The APs guarded the wreckage until it was removed on the orders of the ongoing inquiry headed by Justice Kalpana Rawal. A Saitoti family member called the number but was surprised when the call was answered.
They reported the matter to the police who traced the phone to the constable. The constable was arrested on Tuesday after police traced the phone to Machakos where is stationed.
When the police arrived, they were informed that the policeman had travelled to Nairobi where his family lives. Yesterday, the constable was interrogated at the CID headquarters and later at the Nairobi Area provincial Police headquarters before being released.
In his statement, the constable claimed that he got the phone from some children whom he found playing with it as he jogged in the area where the helicopter crashed.

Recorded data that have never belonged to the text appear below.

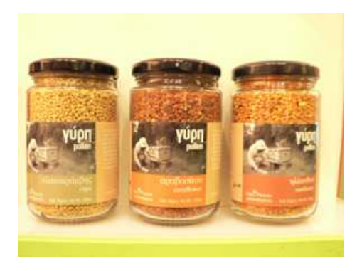
Harvesting of unifloral pollen ensures constant and reproducible concentration of biologically active ingredients.
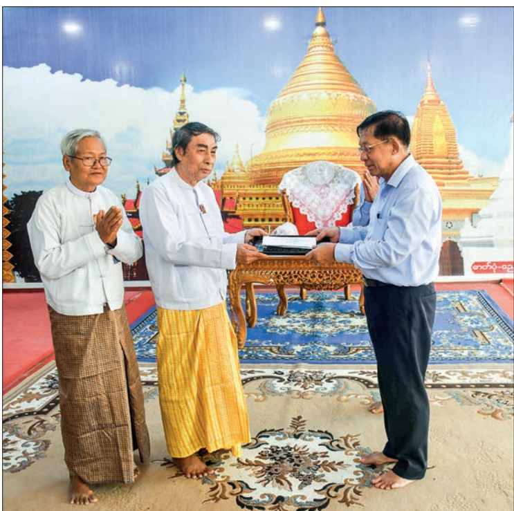
The Senior General presents cash donations at the Shwezigon Pagoda.
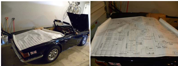
(a little humor for your newsletter)
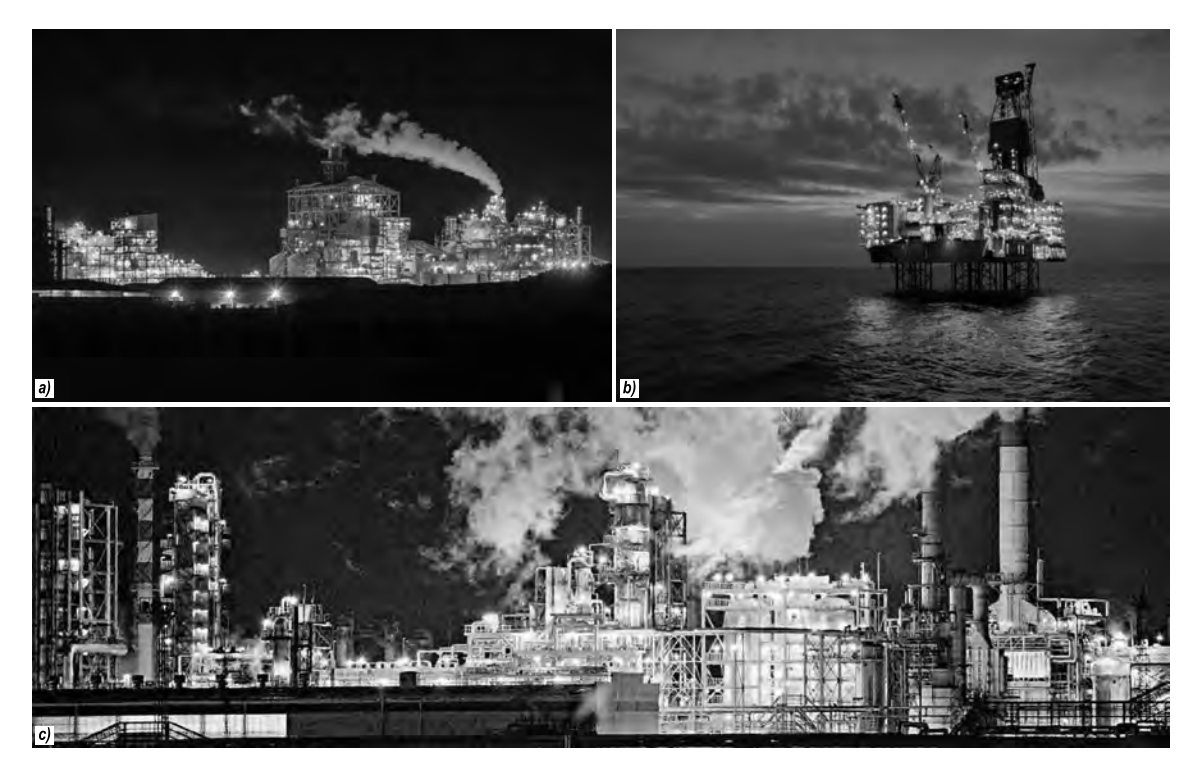
Fig. 7. Element of technological and signal lights in the night panoramic views of oil and gas, chemical and processing facilities:

reactor columns, cylindrical structures, stairs and bridges, winding pipelines. A competent system of electric lighting successfully reveals powerful architectonics, scale and energy of this 21<sup>st</sup> century (Fig. 7, (a). Even the basic mandatory technical and signal lighting of such plants make an impression on the unprepared observer. For example, driving in the evening towards Yaroslavl from the south reveals numerous electric lights and the live flames of the flared gas over the refinery stacks, which fascinate the eye. You can imagine even more powerful and sparkling complexes at night in the Tyumen
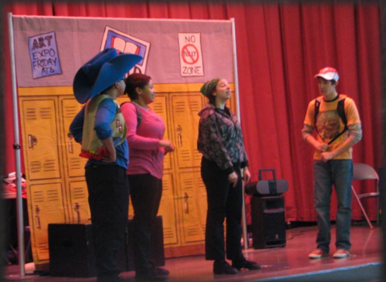
Walnut Street Theater
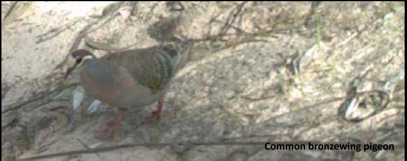
Common bronzewing pigeon

Species List: Crow - Wak Common bronzewing pigeon Agile wallaby - Kornobolo Dingo - Dalkken Camp dog Buffalo - Nganabbarru
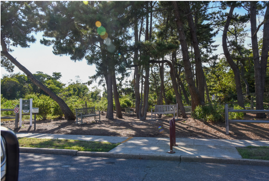
404 Stone Harbor - Stone Harbor Bird Sanctuary, 2nd Avenue at 114th Avenue NW
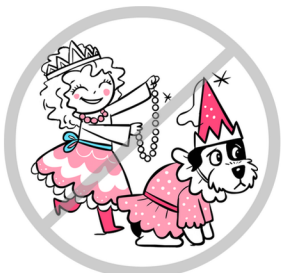
DON'T dress up dogs.
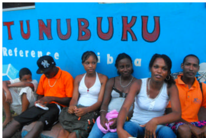
Ungdomar utanför biblioteket i Salybia.
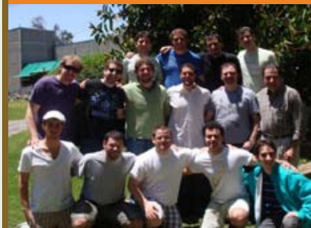
MAROM AMLAT seminar in Chile

MAROM AMLAT (Latin America) representatives from Argentina, Brazil, Chile and Uruguay met in Chile in the middle of November, 2009 for an intense 3 days leadership seminar.
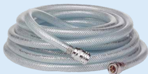
Item no. 93315, 10000 mm Item no. 93325, 15000 mm
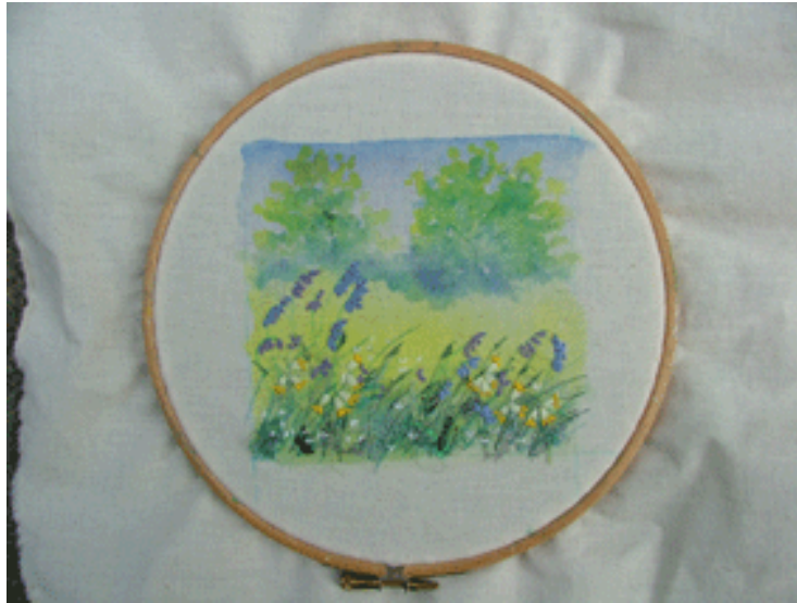
Figure 6: Ready for framing
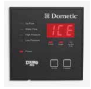
The easy-to-use Smart Logic digital control monitors all system functions.

The EI540D system installation kit includes one electrical box with Smart Logic keypad/display, water filter, and 35 ft. (10.6 m) of 3/4 in. (20 mm) ID ice delivery hose and insulation. This smaller diameter hose is easier to install and less likely to kink. Units are available in 115V/60Hz, 230V/60Hz, and 220V/50Hz electrical configurations. The EI540D will support an additional remotely-mountable Smart Logic keypad/display, which can be purchased separately.
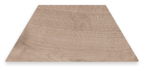
WOOD MID TRAPEZIUM N LAB03T PEI: III (LRV: 31
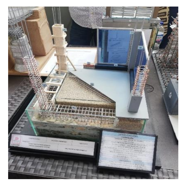
Figure 2. Construction process of a porticoed system.
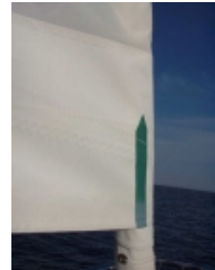
Sail reefed to first mark
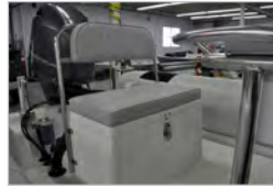
Two person bench seat
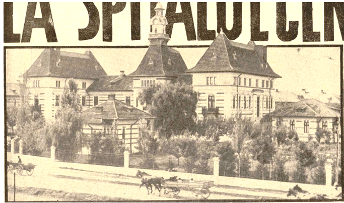
Figure 4 – Wagons on Berceni Street, in front of the main building of Central Hospital for Mental and Nervous Diseases in Bucharest (“Ilustrațiunea Română”, 16 September 1936).
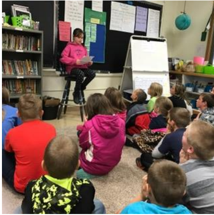
Students delivered a speech to try to earn a spot as our student council representative. (Powell)
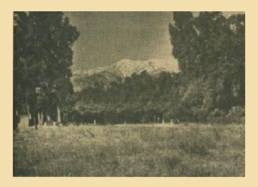
EISENHOWER MANY YEARS AGO This view is where EHS is now located.
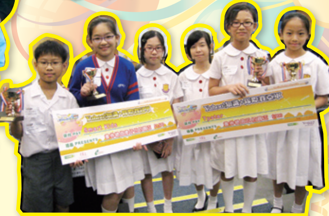
隊際賽成績：Yahoo！知識+隊際賽比賽冠軍及亞軍 個人賽成績：個人賽五年級組 亞軍及季軍 個人賽六年級組 亞軍
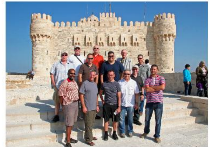
Qait Bay Fort
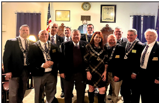
PER Dinner February 18, 2025
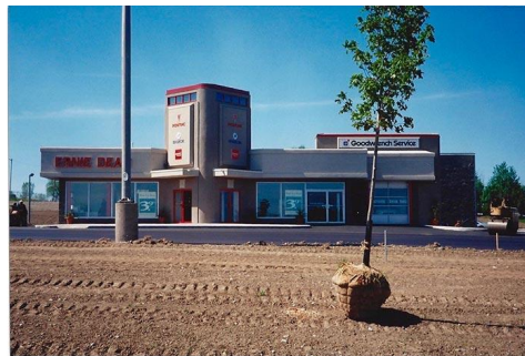
Almost there, our second location ready for move in, May 1997
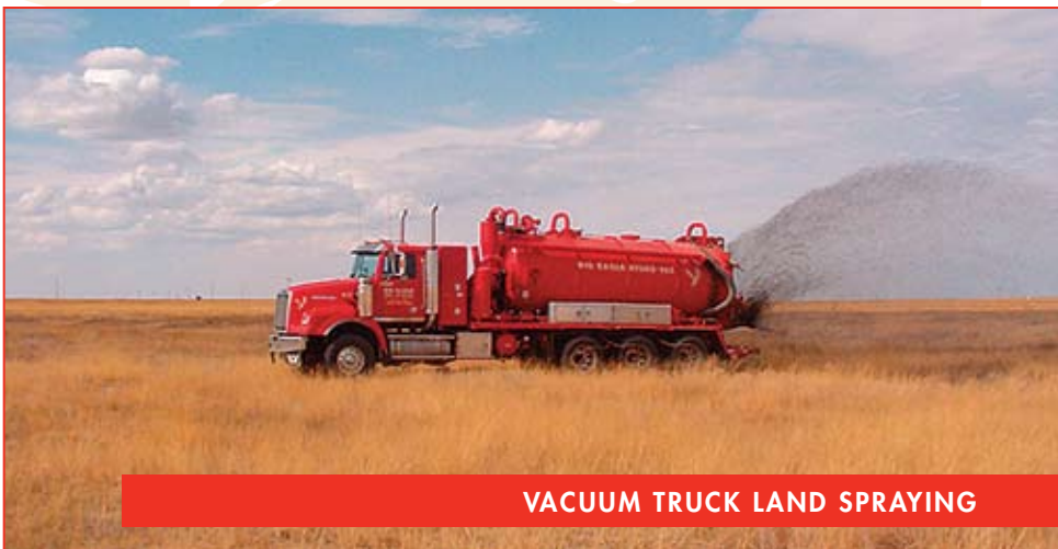
VACUUM TRUCK LAND SPRAYING

A state-of-the-art GPS system allows all vehicle activity to be monitored for field application and safety purposes. The system records: activity reports, fleet proximity, idle time, individual truck or fleet locations, speed, travel time and distance. Information on an individual truck, groups of trucks or the entire fleet may be brought up on a screen by dispatch or supervisors as required.
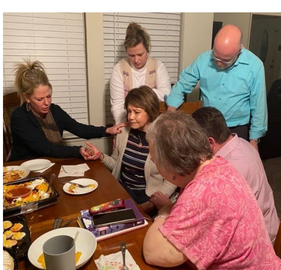
Abby's House-Fort Worth, TX
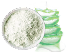
aloe vera 芦荟 1000g

Hydrates and tones the complexion to restore radiance and suppleness. Visibly smooth skin for a youthful dewy appearance.
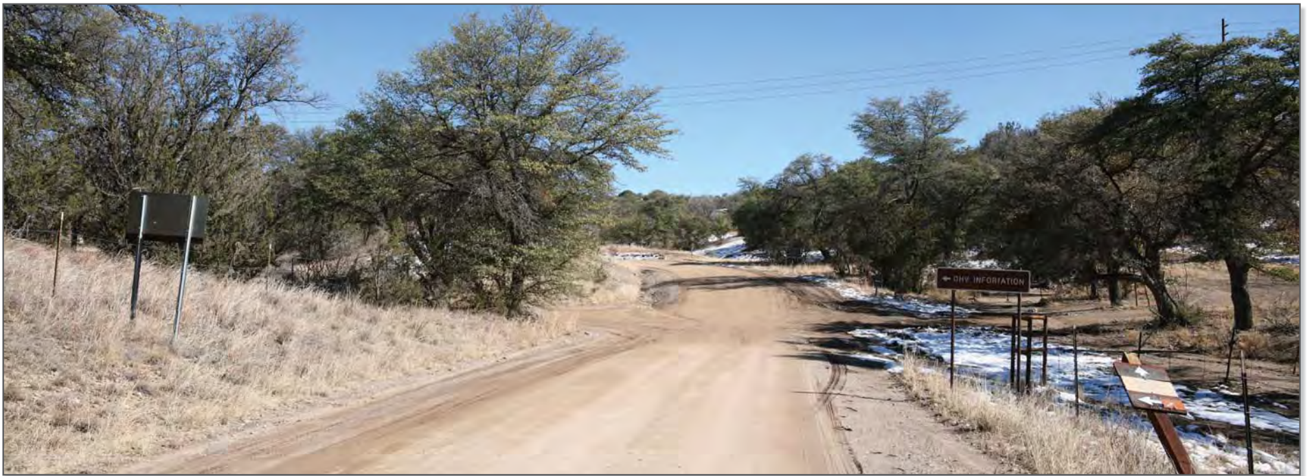
Simulated Condition – Proposed 138kV corten steel single-circuit transmission line
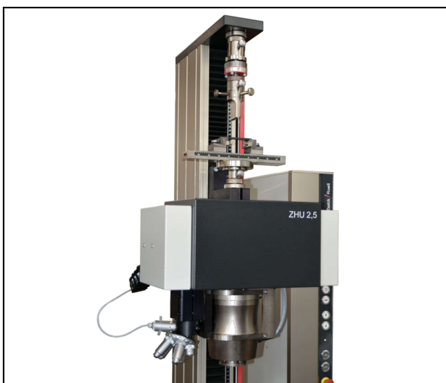
ZHU/zwickiLine+ with the option second test area
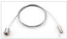
ACC.062 Suspension kit
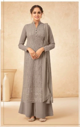
-: 41012 :-
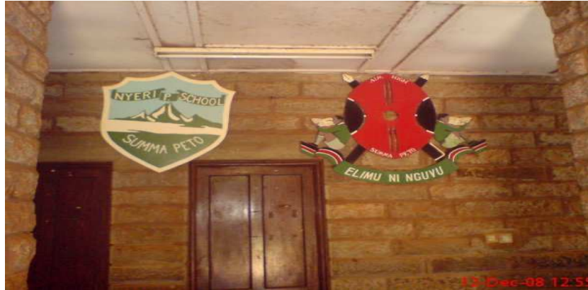
Figure 10: Nyeri Primary School

The participants' stories of schooling weren't unlike mine and those of the students I studied with back in Kenya. All their parents stressed the importance of a good education, over and above any other gifts they had:
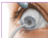
4. Insert the PROKERA into the superior fornix
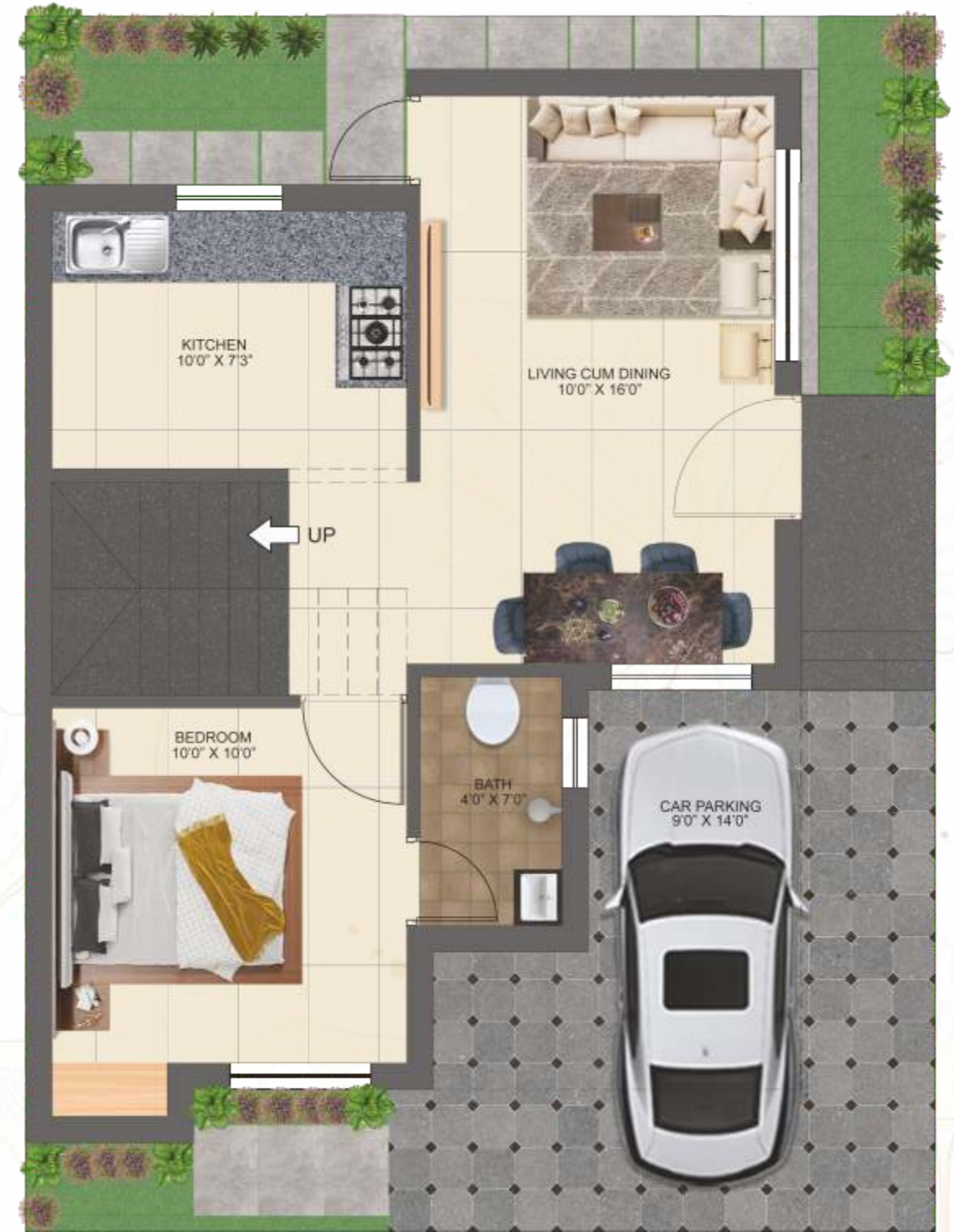
Villa F to J (GF)
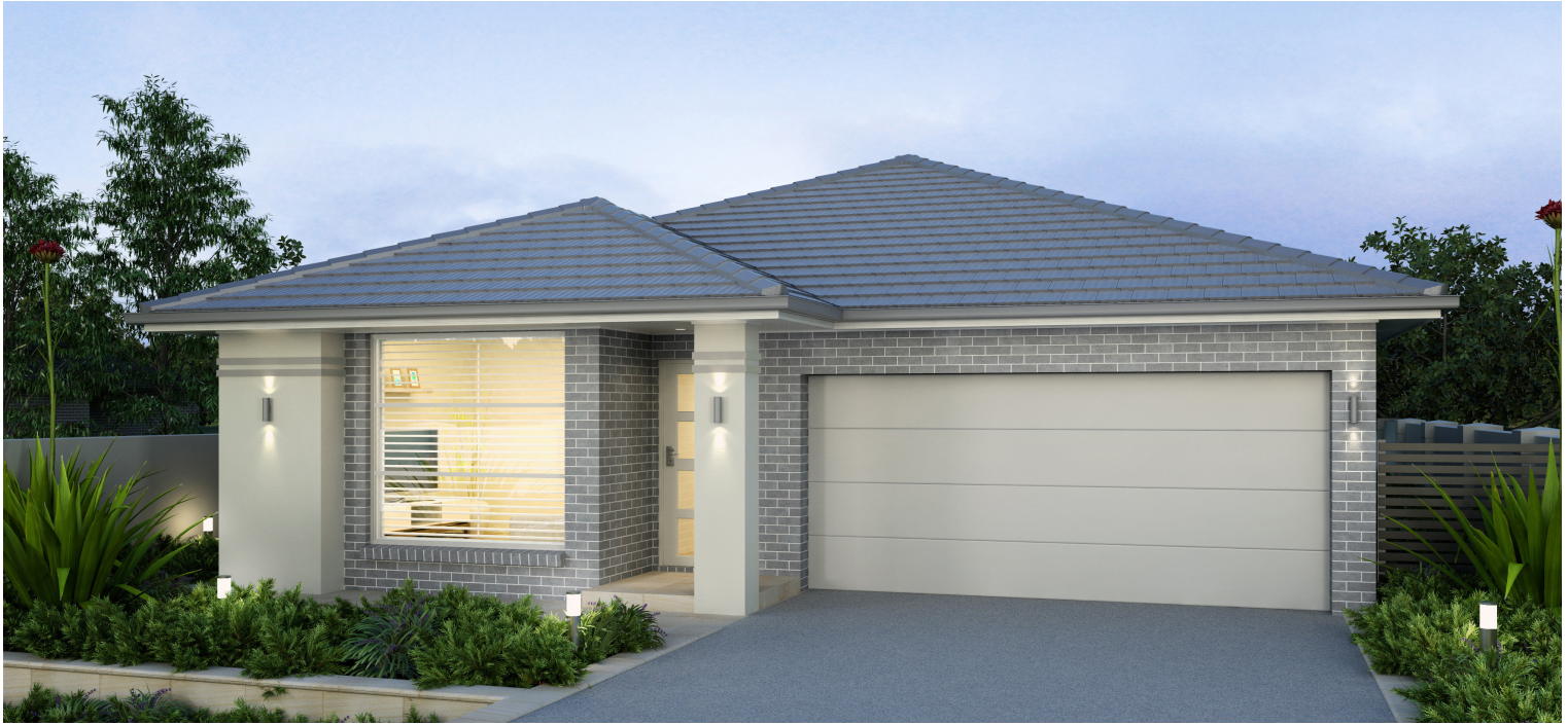
ARTIST IMPRESSION ONLY. SORELL FAÇADE AS ILLUSTRATED.

He said the children did not know what to do with the phone so he took it. The constable said he changed the case of the phone and had been using the phone on an irregular basis since then.
He claimed he would have surrendered it to the police if he had known it belonged to Prof Saitoti. However, detectives pointed out that the constable never mentioned the phone to the air crash investigation team and senior policemen who visited the site soon after the crash.
The constable also had not informed the Rawal enquiry which has been sitting at the KICC for almost two months. Yesterday, AP spokesman Masood Munyi confirmed the arrest of the constable by the regular police.
"We only learnt about it yesterday and there is an internal team that is liaising with them on the case. We didn't expect one of our officers to do something like this and we are trying to establish the circumstances under which he came into possession of the item," Munyi said.
He said he was not aware that any other APs who were being investigated and said it was an isolated incident. "We are law enforcers and cannot condone such an act by our officer. If found to have committed an offence, he will be subjected to an internal disciplinary process after investigations," Munyi said.
Yesterday, detectives said that they hoped that the AP constable could help them trace four people who witnessed the accident and who were the first to arrive at the crash scene.
The Rawal enquiry is probing the crash which killed Saitoti, his assistant minister Orwa Ojode, two of Saitoti's bodyguards and two police pilots.